You will have to get your mobility and flexibility right to press overhead as well as squat deeply...start practicing now to determine what works best for you!
6 Tips Common to All Movements
Basically similar to my blog on preparing for the Open...
1. Practice your technique NOW
- Feel comfortable in practice with competition technique and Range of Motion (ROM) and it will feel comfortable in competition.
- Good technique is the most efficient way to complete the reps. For most movements, keep your back straight for crying out aloud!!
- Motor patterns are strengthened with perfect practice - the more reps you do perfectly, the more likely you will do them
2. Continue your strengthening program (or start NOW!)
- There are still 5 weeks before the Open starts and 11 weeks until it ends - there is time to make gains!
- If you just get one more rep out because you are just a little bit stronger or you get a PB because you improved enough to achieve it, there is no better feeling in the Open. Last year, I got a 135lbs snatch 4 times - I got my first the day before I did 13.1. I also got my first CTB pullup during the Open.
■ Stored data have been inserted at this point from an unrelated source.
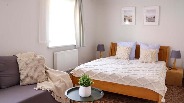 Das Motel Laguna befindet sich am Rande eines Waldes und liegt nur 200 m vom Ufer des Kurischen Haffs entfernt. Die Lage bietet eine malerische Umgebung und ist ideal für Naturliebhaber und Erholungssuchende. Die Stadt Nida ist nur 25 Gehminuten entfernt und bietet eine Vielzahl von Restaurants, Geschäften und Sehenswürdigkeiten.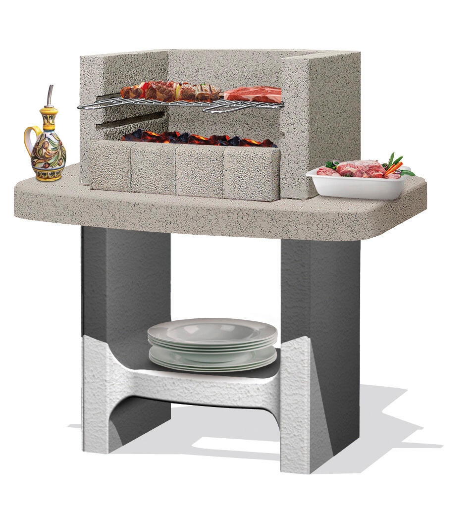 Barbecue in calcestruzzo alleggerito. Piano lavoro con superficie d’appoggio laterale. Focolare con griglia di cottura cromata, regolabile in 2 altezze. Base con pratico ripiano. Piano lavoro e Safe Grill tinti nell’impasto.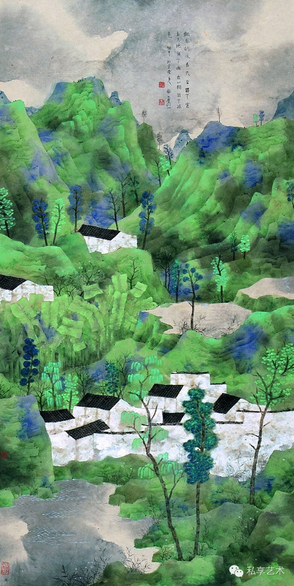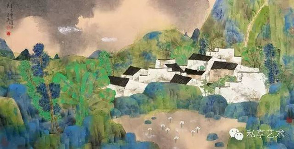 除了笔墨之外,色彩、章法构成方式应用的拓展使现代山水画的绘画情节比传统山水画更为丰富、更为自由、更加个性化。
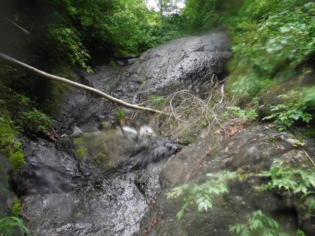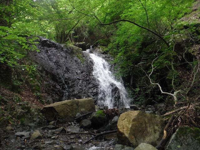 富士形の滝は左から容易に上がれ この辺りまで来ると水量もかなり少なくなります。
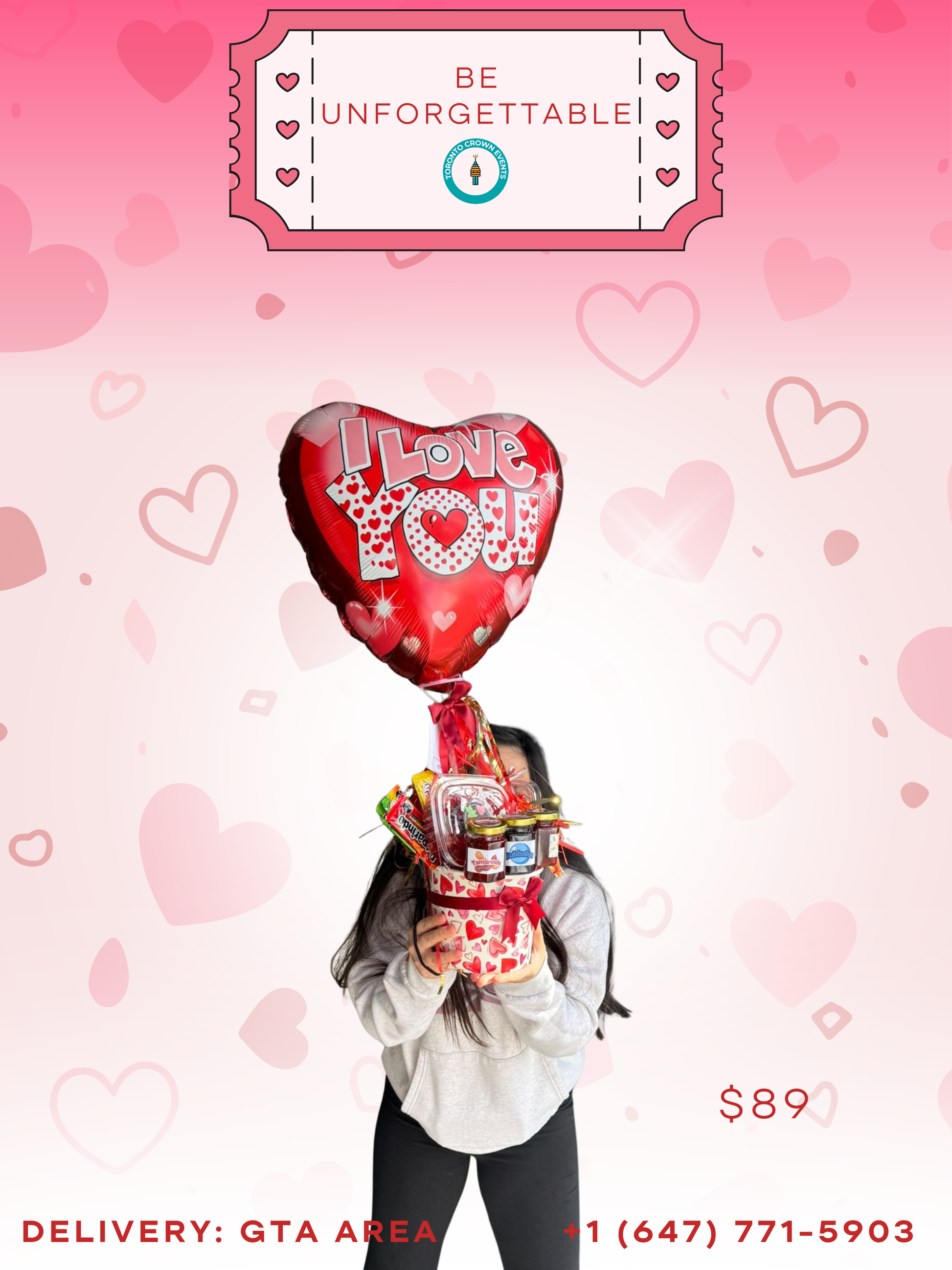 Each bouquet features three signature jars of artisanal Chamoy (Mango, Bubbalo, and Tamarind), perfectly paired with a variety of classic Mexican candies like Pulparindo. Topped with a vibrant "I Love You" or modern heart graphic helium balloon, this set is finished with elegant crimson ribbons and a decorative heart-themed base. Whether it is for a partner, a best friend, or a family member, this spicy surprise from Toronto Crown Events is guaranteed to stand out.

Strength helps!
- If you are a Regionals athlete, the Open should just be a speed bump in your training program.
- I have never heard anyone say "If I was only a bit weaker for that workout, I would have done better"!
3. Get your Coach to help identify and rectify your weaknesses
- Most coaches are happy to tell you what to work on and will give you accessory (additional) exercises to do after your workouts.
- Most coaches will have some form of one-on-one coaching sessions they can do with you - these are worth it for beginners and experienced athletes alike
- If you do ask your coach for help and you DO NOT do what they say, then please DO NOT ask them for more help until you have done what they told you to do already!! Nothing is more frustrating to a coach than someone who asks for help but then doesn't do it.
- If you have done everything you are told to do and your coach doesn't want to help you, ask yourself if you are in the right box or asking the right person...this should be extremely rare...in general and basically every box I have been to (over 20) and coaches I know (well over 50) have had coaches that are willing to help the athletes and care about their safety.
4. Sort your niggles out
- One of the most common comments I hear is "If I had known how much better I would feel, I would have come sooner"
- 'Nuff said!
5. Don't push to failure
- Rich Froning rarely fails a rep. Don't waste your energy on failed reps. Rest and just concentrate on making good reps. Pushing to failure is a waste of time and energy and significantly increases your risk of injury...
6. Lose the "sins of Christmas" - get that body fat% down!
- This one is for my friend John Z - all the bodyweight movements in the Open will get better if you are carrying less fat.